Late to the party, but I'm pondering something similar.
I created the following table to track active users on a license per day:
CREATE TABLE `license_active_users` (
`license_active_user_id` int(11) NOT NULL AUTO_INCREMENT,
`license_id` int(11) NOT NULL,
`user_id` int(11) NOT NULL,
`date` date NOT NULL,
PRIMARY KEY (`license_active_user_id`),
UNIQUE KEY `license_id` (`license_id`,`user_id`,`date`)
) ENGINE=InnoDB DEFAULT CHARSET=utf8 COLLATE=utf8_unicode_ci;
In other words, 1 primary key and 1 unique index across the remaining 3 columns.
I then inserted 1 million unique rows into the table.
Attempting to re-insert a subset (10,000 rows) of the same data yielded the following results:
INSERT IGNORE
: 38 seconds
INSERT ... ON DUPLICATE KEY UPDATE
: 40 seconds
if (!rowExists("SELECT ..."))
INSERT
: <2 seconds
If those 10,000 rows aren't already present in the table:
INSERT IGNORE
: 34 seconds
INSERT ... ON DUPLICATE KEY UPDATE
: 41 seconds
if (!rowExists("SELECT ..."))
INSERT
: 21 seconds
So the conclusion must be if (!rowExists("SELECT ..."))
INSERT
is fastest by far - at least for this particular table configuration.

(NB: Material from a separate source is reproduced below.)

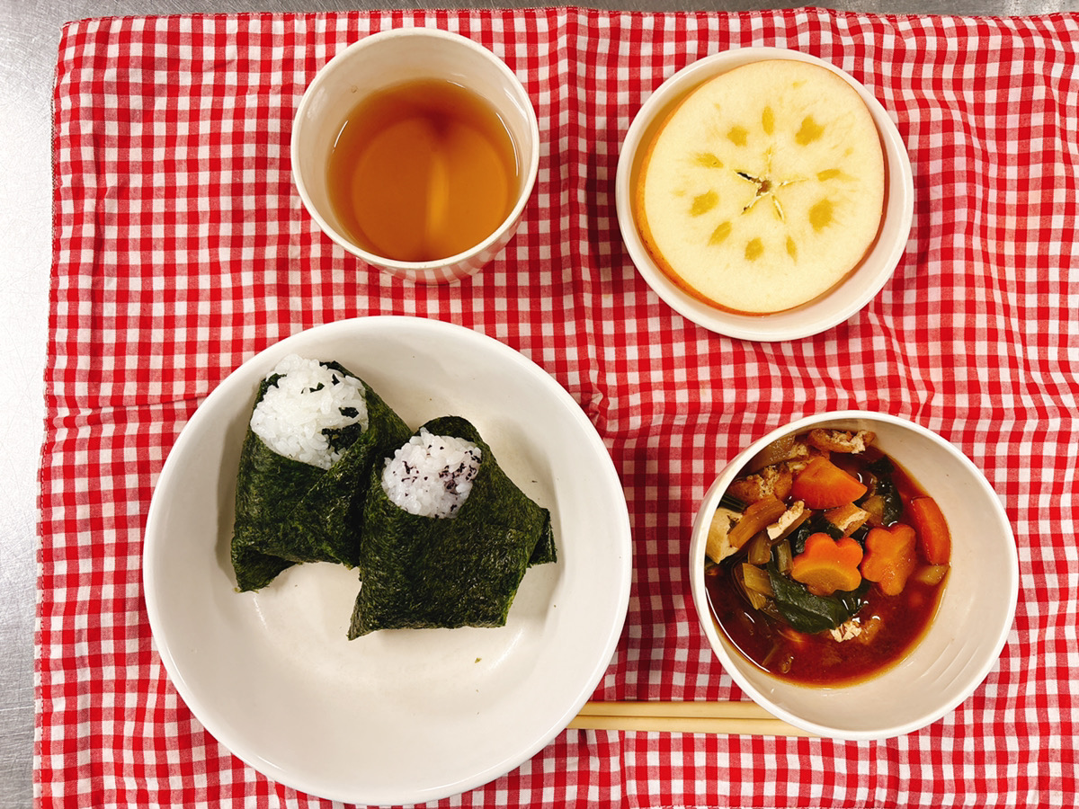 豚汁には、園の農園で採れたほうれん草が入ります!

The missing test is if (rowExists("SELECT ...")){
UPDATE
} else {
INSERT
}
, but I'll assume INSERT ... ON DUPLICATE KEY UPDATE
is faster for this operation.
For your particular case, however, I would go with INSERT IGNORE
because (as far as I'm aware) it's an atomic operation and that'll save you a lot of trouble when working with threads.